5th President of Bates College
- In office March 1, 1967 – November 1, 1989
- Preceded by: Charles Franklin Phillips
- Succeeded by: Donald West Harward

Personal details
- Born: November 23, 1920 New York City, New York, U.S.
- Died: September 22, 2009 (aged 88) Lewiston, Maine, U.S.
- Alma mater: Williams College Columbia University
- Profession: Historian and philosopher

= Thomas Hedley Reynolds =

American academic

Thomas Hedley Reynolds (November 23, 1920 – September 22, 2009) was an American historian and university professor who served as the fifth President of Bates College from March 1967 to November 1989.

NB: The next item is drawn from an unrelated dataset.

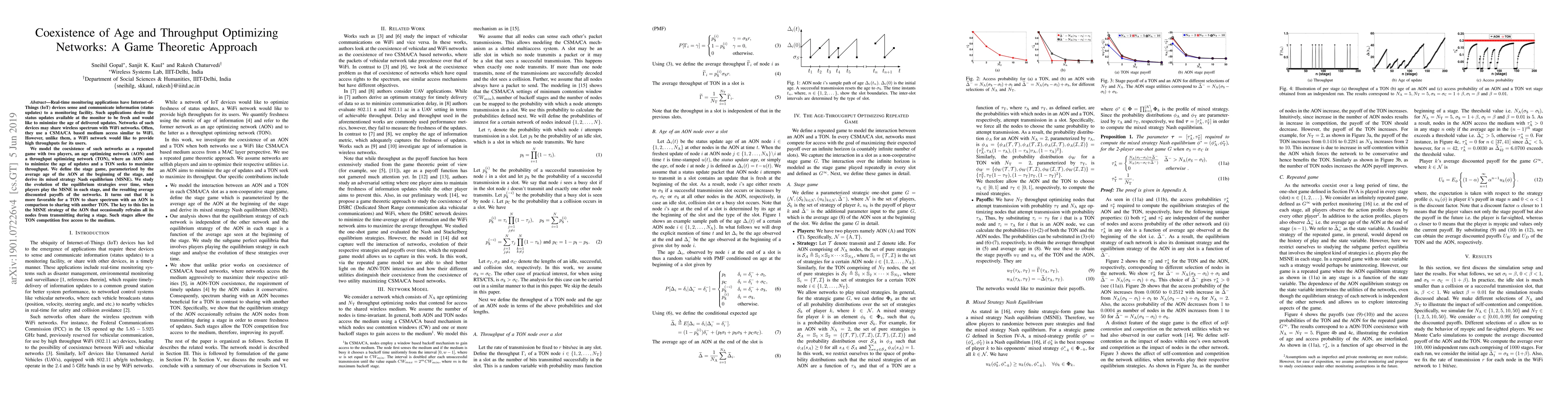 Real-time monitoring applications have Internet-of-Things (IoT) devices sense and communicate information (status updates) to a monitoring facility. Such applications desire the status updates available at the monitor to be fresh and would like to minimize the age of delivered updates. Networks of such devices may share wireless spectrum with WiFi networks. Often, they use a CSMA/CA based medium access similar to WiFi. However, unlike them, a WiFi network would like to provide high throughputs for its users. We model the coexistence of such networks as a repeated game with two players, an age optimizing network (AON) and a throughput optimizing network (TON), where an AON aims to minimize the age of updates and a TON seeks to maximize throughput. We define the stage game, parameterized by the average age of the AON at the beginning of the stage, and derive its mixed strategy Nash equilibrium (MSNE). We study the evolution of the equilibrium strategies over time, when players play the MSNE in each stage, and the resulting average discounted payoffs of the networks. It turns out that it is more favorable for a TON to share spectrum with an AON in comparison to sharing with another TON. The key to this lies in the MSNE strategy of the AON that occasionally refrains all its nodes from transmitting during a stage. Such stages allow the TON competition free access to the medium.

His presidency was marked with a renewed focus on academic rigor with the expansion of professor salaries and exacting institutional standards for graduation. Reynolds lead the college through the 1960s and 1970s with expansive integration of feminism, anti-war ideology, and the civil rights movement into the Bates community. The college became known for its academic standards and socially liberal tendencies. During his presidency he diversified the student body and eliminated standardized test scores.

==Life and career==
Reynolds was born in New York to Wallace and Helen ( Hedley) Reynolds. He attended The Browning School in New York City and graduated from Deerfield Academy in 1938. Reynolds earned a B.A. in political science from Williams College in 1942 and then a master's (1947) and Ph.D. (1953) in American history from Columbia University.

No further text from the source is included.